Doutorado pela Faculdade de Letras de Lisboa com uma tese sobre as leituras que Pessoa fez de Oscar Wilde, Walter Pater e Matthew Arnold, autores centrais para a concepção pessoana de crítica literária, Jorge Uribe integra hoje, como Flávio Penteado, o Centro de Estudos Pessoanos da Universidade de S. Paulo. Com um percurso que incluiu já alguns anos de trabalho com o espólio e a biblioteca pessoanas, o que o ocupa neste momento são os textos que Pessoa publicou em vida. Observando que “nem sequer há uma edição completa desses textos”, Uribe, que também integra a equipa do projecto Estranhar Pessoa, argumenta que “o mito do génio anónimo, que não queria publicar, fez com que se perdesse um pouco o contacto com o que Pessoa foi em vida”.

Na polémica que há muito divide os pessoanos entre os que dão prioridade a revelar tudo o que ainda esteja inédito e os que acham que o essencial está publicado – ou até, na versão mais radical, que já o estava quando Pessoa morreu –, Jorge não hesita: “Concordo com as duas”. Ou seja, percebe “a ansiedade de se querer ver tudo”, mas também acha que “os textos que Pessoa publicou em vida têm um valor especial, porque ele escolheu-os com muito cuidado, não foi acidental”.

Nuno Amado acha que há uma terceira via, que é “olhar para as coisas publicadas, e mais conhecidas, e tentar vê-las de um modo diferente”. Foi justamente isso que fez. Na sua tese, que defendeu há pouco mais de dois meses, este jovem pessoano convertido à causa pelo professor António Feijó – também integra o Estranhar Pessoa, de que Feijó é o coordenador científico – decidiu “partir de Ricardo Reis para explicar a heteronímia de um modo diferente”.

Se pretender propor uma nova solução para o enigma que vem assombrando sucessivas gerações de pessoanos denota alguma temeridade, fazê-lo através de Ricardo Reis não é menos surpreendente, já que todos que os que o tentaram antes (incluindo o próprio Pessoa) partiram de Alberto Caeiro.
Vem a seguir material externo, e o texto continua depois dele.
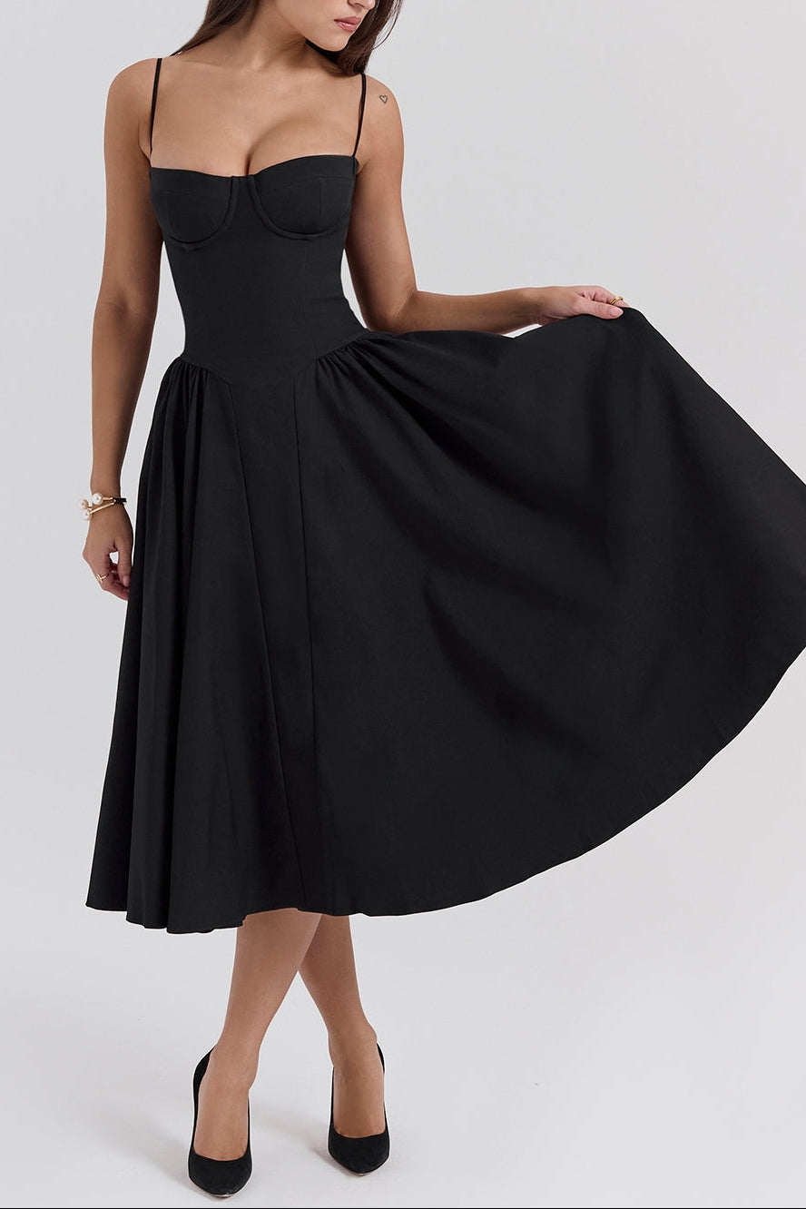 Step into effortless elegance with the midi-length 'Miley Dress'. Crafted from a soft, stretch fabric in a stunning rich wine tone, this dress features a flattering bodice, figure-hugging fit. Cute spaghetti straps add a touch of '90s charm, and the paneled skirt provides soft volume, complete with discreet side pockets. Dress it down with a suede jacket and loafers for cooler weather, or elevate the look with simple heels for evening occasions.

Nuno Amado conseguiu, em tempo recorde, naquela barulhenta mesa da cafetaria da Gulbenkian, resumir de forma compreensível o essencial de uma tese complexa e fascinante, mas o espaço de que dispomos só nos permitirá, e com inevitável perda de coerência, deixar aqui um resumo desse resumo. Sustentando que os três heterónimos principais só fazem sentido em conjunto e não podem ser autonomizados, Nuno defende que Ricardo Reis, no qual vê “um poeta romântico”, e não o neo-clássico dos manuais, é “uma espécie de continuação de Caeiro”.  E se Caeiro morre cedo, argumenta, é porque “aquela figura genuína do guardador de rebanhos”, um poeta que “reage sistematicamente contra a ideia de consciência”, não poderia ter sobrevivido enquanto tal. E na sua morte, transmuta-se em Ricardo Reis, “que é um Caeiro com consciência, e portanto uma figura de tal modo diferente que merece outro nome e uma obra diversa”.
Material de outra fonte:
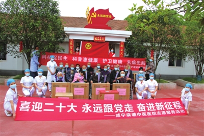 5月8日,咸宁麻塘中医医院在护士节来临之际,母亲节当天,由护理部联合团委组成的志愿服务队,携带爱心礼品走进咸宁双溪毛祠养老中心,开展“喜迎二十大、永远跟党走、奋进新征程之纪念5.12国际护士节科普活动周——科普惠健康 护卫健康 未病先防”主题系列活动,为老年人们进行相关医学知识的讲授和义诊,获得了良好的社会效益。

Há algumas pontas soltas: ainda que o seu sistema a três heterónimos permita talvez contornar o problema, seria interessante descrever a posição do Pessoa ortónimo nesta equação, e Nuno Amado reconhece que a sua explicação para o surgimento de Álvaro de Campos “é ainda muito precoce”, mas intui que “os heterónimos são como bonecas russas umas dentro das outras”, e que “se Reis é Caeiro com mais qualquer coisa, Campos será esse Reis, que já é Caeiro, e ainda mais qualquer coisa”.